En matière d’exportations d’armes, la Suisse n’est pas un acteur important. Cependant, en rapport avec le nombre d’habitants, nous surpassons les Etats-Unis de 20% (chiffres SIPRI pour 2011, en dollars constants 1990). La loi interdit que ces armes soient vendues à des pays en guerre. Mais depuis la guerre du Biafra entre 1966 et 1970, il ne se passe pas une année sans un scandale. On peut arguer qu’en chiffres absolus, les quantités d’armes vendues ne créent pas de vagues de migrations. Cependant, le contrôle par le Secrétariat d’Etat à l’économie de leur utilisation finale est loin d’assurer qu’elles ne vont pas tuer.
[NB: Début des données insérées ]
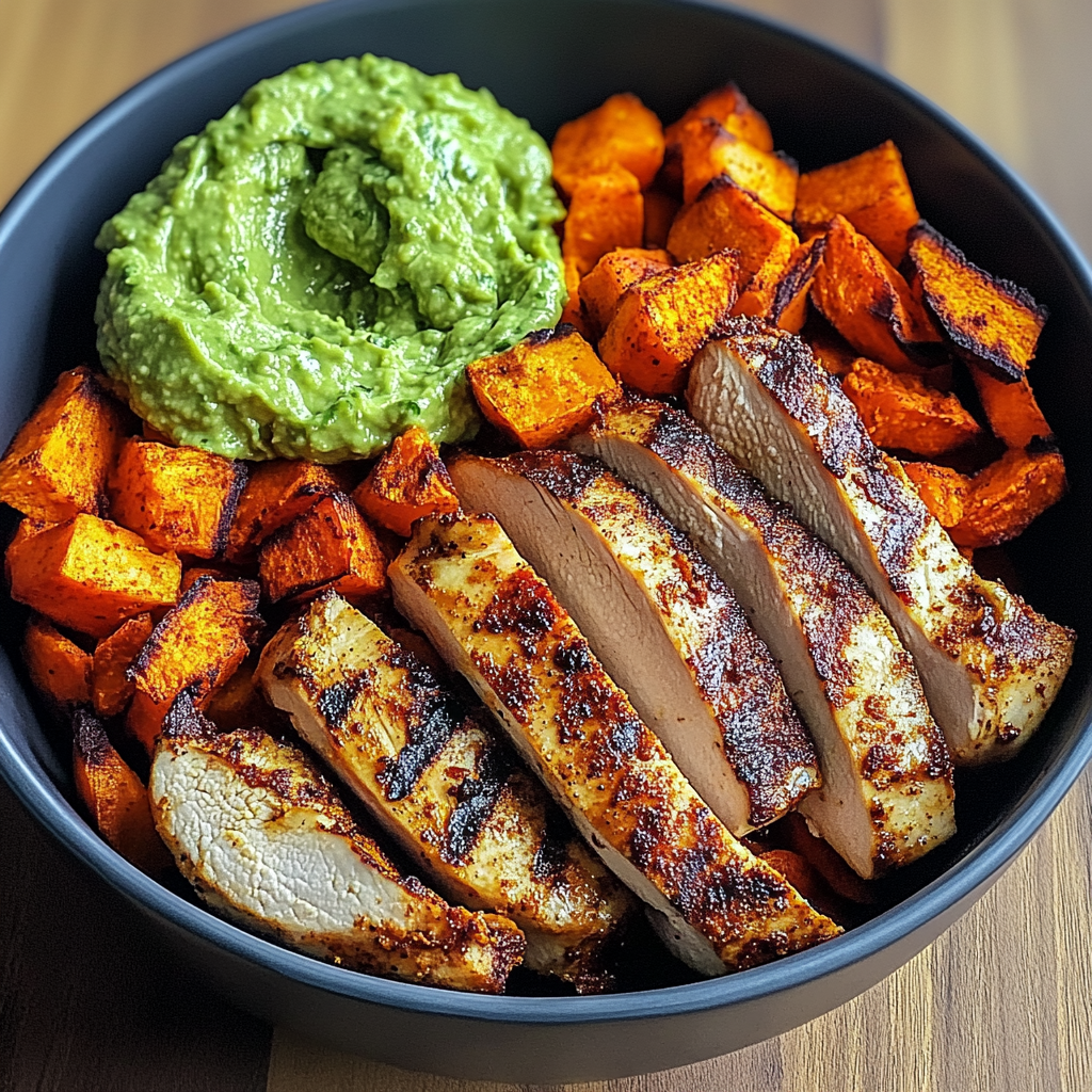 Grilled Chicken Power Bowl with Spiced Sweet Potato Wedges & Avocado Cream
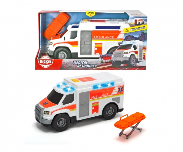 Dickie Toys – Medical Responder – Ambulanza grande 30 cm con barella, luci e suoni, portellone posteriore apribile, batterie incluse per bambini dai 3 anni in su, macchinina giocattolo
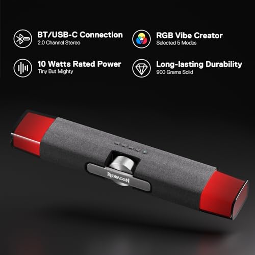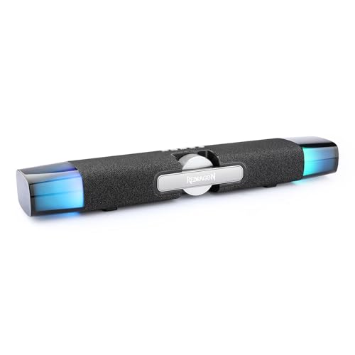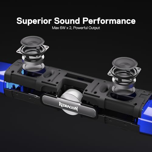 Redragon - مكبرات صوت لاسلكية لسطح المكتب GS512 من ريدراجون، مكبر ستيريو للكمبيوتر 2.0 مع وضع بلوتوث 5.0 USB، بحد أقصى 6 وات × 2 غني، إضاءة خلفية RGB، أسود
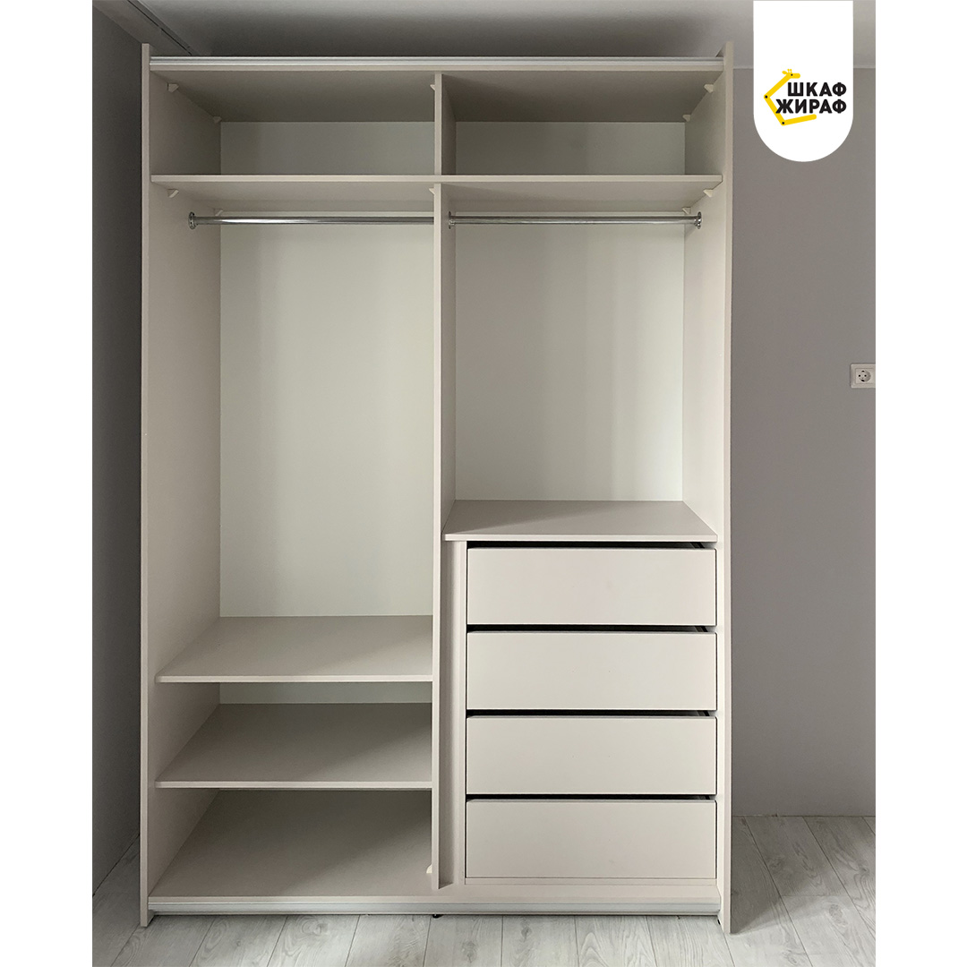 Справа  — штанга для короткой одежды и выдвижные ящики.

Plus insidieuse mais très efficace, la politique fiscale a pour conséquence de métropoliser les pôles économiques, c’est-à-dire d’attirer un maximum d’activités économiques dans certaines régions – ceci est aussi le cas dans l’Union européenne – sans égard aux infrastructures nécessaires ni aux capacités humaines disponibles. L’arc lémanique par exemple, ou la région zurichoise, offrent des conditions fiscales attrayantes aux entreprises étrangères sans guère se soucier de l’impact sur les logements, sur les transports et de l’importation de personnel étranger. Les pays en voie de développement réclament depuis des décennies une meilleure répartition du développement industriel. On leur a toujours répondu que c’était là l’affaire du secteur privé. Mais les gouvernements, centraux et cantonaux, ont leur part de responsabilité dans ce déséquilibre.

Et la cerise sur le gâteau: le secret bancaire. Combien de millions «planqués» dans nos banques par des dictateurs étrangers ont été détournés des buts auxquels ils étaient destinés: le développement social et économique. Les règles sur le devoir de diligence des banques sont totalement insuffisantes. C’est seulement à la chute d’un de ces prédateurs qu’on se rend compte qu’un pays a été saigné. Cet argent aurait dû servir à la formation, à la santé, au financement des infrastructures sans lesquelles, les entreprises étrangères ne viennent pas et donc ne créent pas de place de travail.

La liste est encore longue. Il est évident que si nous continuons à exploiter sans merci les pays du sud qui n’ont pas d’armes pour se battre dans la jungle économique, les êtres humains qui en sont les victimes n’ont d’autre choix que de s’exiler.